En el PRI, los gobernantes mandan y los dirigentes nominales son amanuenses de aquéllos. Esta es una forma de mantener la vieja cultura. Esto no ocurre en el PRD, pero tampoco ha surgido una nueva forma de hacer política, de dar un lugar al partido más allá de la definición de los candidatos y los programas de carácter general.

El PRD debe integrar comités ejecutivos con la presencia de los dirigentes más importantes y sus consejos deben convertirse en verdaderos parlamentos en los cuales se apruebe o modifique la línea propuesta por la dirección, en el marco de discusiones abiertas.

Así, por ejemplo, a Cárdenas le ha hecho falta partido en la ciudad de México, pero no porque el PRD sea pequeño, que no lo es, sino porque éste se encuentra desvinculado de las definiciones de gobierno y no juega un papel activo en la búsqueda de soluciones a los problemas de la urbe.

Se piensa que las incompatibilidades para ocupar a la vez cargos partidistas y de gobierno es una forma de eliminar la concentración de funciones, pero esto se convierte en un error cuando los gobernantes son relativamente fuertes y los órganos del partido débiles.

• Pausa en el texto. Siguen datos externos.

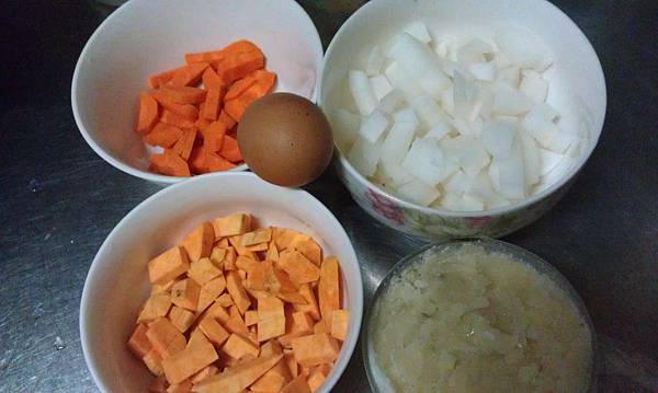 步驟1:先把所有食材 按照 顏色倒在一起蒸熟 然後用果汁機打成泥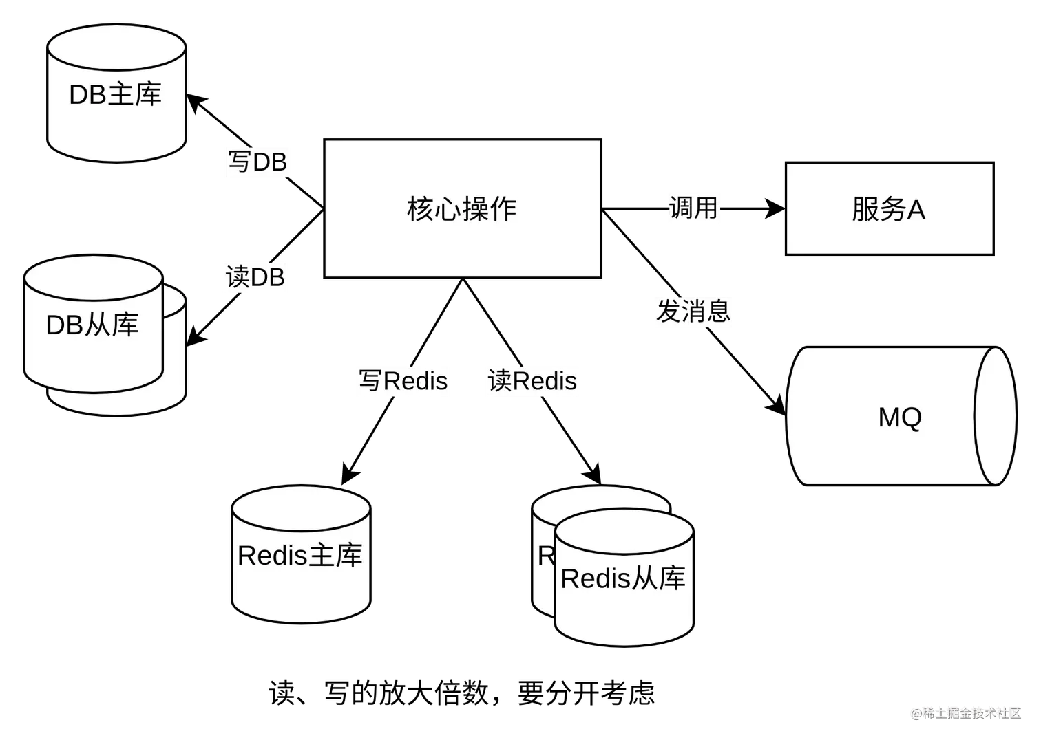 例如:1次核心操作,查了3次缓存、写了1次缓存、查了2次数据库、写了1次数据库、发了1次MQ消息、调了下游服务A的接口;

Como el partido no se encuentra subordinado a los gobernantes, entonces cada quien actúa, en cierta forma, por su lado.

El nivel de unidad política del PRD es ejemplar si tomamos en cuenta el panorama latinoamericano. Las fuerzas democráticas y populares de México se unieron a través de un largo proceso que tuvo como característica su autenticidad: la convicción del valor de la unidad. Pero eso no basta. Es necesario --y pronto lo será más-- que el partido se comporte como partido gobernante, aún cuando siga siendo opositor, es decir, gobierne en algunos lugares y sea alternativa de gobierno en otros.

La capacidad del PRD para convertir la política en asunto del pueblo se ha demostrado en dos planos solamente: las campañas electorales y los grandes actos opositores, tales como la lucha contra el Fobaproa y la consulta popular organizada al respecto. Pero no ocurre lo mismo o, al menos, de la misma manera, cuando el partido se encuentra ya gobernando.

El papel del programa debe ser el de resumir sentimientos y aspiraciones populares y su aplicación tiene que estar a cargo de todos. En realidad, un partido se liga al pueblo en la medida en que logra ser una expresión social y su labor va dirigida a convertir el compromiso en acción pública concreta o ley de observancia obligatoria.

El carácter colegiado de la dirección tiene que acentuarse, de la misma manera que la capacidad del partido de operar organizadamente en todas partes. Por ello, los temas de la organización deberían considerarse como prioritarios y lo podrán ser en la medida en que tenga sentido la organización misma, es decir, cuando el partido demuestre que el vínculo permanente entre sus miembros y con el pueblo es de suyo una fuerza política que puede lograr cambios.

Cualquiera que sea el resultado de las elecciones internas del PRD, programadas para el 14 de marzo, será necesario emprender una segunda reforma del partido. La cuestión es saber si ésta se podrá hacer bajo los auspicios de la dirección o a pesar de ella.